Ultrasound! Baby Gender! Well, this makes it feel real. I saw the baby floating around in there, kicking like mad, which always amazes me because I can feel it but never to the extent of what gets revealed during the ultrasound. This little one was having a party in there.
Before the ultrasound we had a big talk with the kids about how we’d all be very happy even if it’s not a boy (Cole) or not a girl (Stella). We practiced saying it. Stella was like, “I am okay if it’s a boy. But it’s not a boy, it’s a girl. We already have a boy.”
Well that’s settled then.
So I sit down, the guy looks at the baby for a second and says, “It’s a girl.”
“Wait… you wanted to know right?”
Well yes, you are lucky! Also yay! A girl!
Stella cheered and Cole asked Drew, “So does this mean that the baby is going to be crazy like Stella?”
I got kind of quiet and just watched the doctor’s face as he made her measurements. There’s a point in every ultrasound when the technician stops talking, stops pointing out things, like “that’s her arm, there’s her mouth” and begins to concentrate. It always freaks me out. After a long period of silent work, he announced, “Well, the baby looks healthy, everything is okay, there’s no abnormalities, the cord is not wrapped around the baby’s neck, and everything looks good — the stomach, brain, heart, spine, all good.”
No zika! No twins! No birth defects! Honestly, that is all I cared about. Please universe, give me a singleton pregnancy without complications, amen.
So then we went shopping and Stella picked this out for her sister:
And Cole figured out, “So I don’t have to play with Stella anymore, right?” And I said, “well I guess she could play with her new sister,” and he seemed excited and crestfallen all at once. Man, growing up is hard. Being a kid is tough. All these big oceans of feelings, just sweeping through your body. It seems particularly poorly planned to have the most emotionally dramatic time of your life coincide with your earliest years.
I want to swoop up both of my babies and protect them because I know everything will change. I love us right now. I am nervous about hurt feelings and managing all these new dynamics. Stella falls asleep with me every night. I am trying to transition her to her bed, but as the pregnancy continues she seems even more intent on staying close to me. Cole seems to be doing well, but I have to make a point of seeking him out, he’s so self-contained, and having our private talks every day. I keep reminding myself that I’ll have a lot to juggle with the new baby and I can’t let my attention to Cole waiver just because he’s such an easy kid.

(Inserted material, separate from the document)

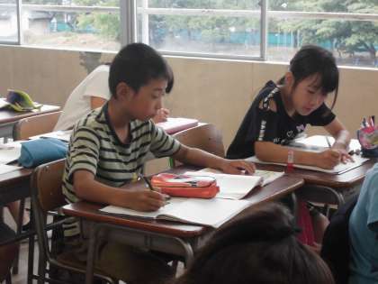 ジメジメした教室の中でも、子どもたちは勉強に励んでいます。今日はプールに入れませんでした。月曜日は晴れるといいですね。

This is our last summer together, the four of us, and I want to make the best possible memories. The original team Gilbert. Cole is getting a hatchet for chopping down kindling and starting fires (he calls them “Minecraft axes”… we were in that section of the store and he also found “Minecraft shovels” — like, look at all this “Minecraft stuff, mom!”). We did have to talk him down from the idea that we’d make iron ore and cast our own swords. “Yeah, that sounds cool, but I think we’d have to invest in a furnace and there’s probably not enough room in the van for that…” Stella is just so very keen on fishing, it’s not even funny. She won a plastic fishing rod at the carnival and has been practicing. These kids. So much love. And now comes number 3… a girl.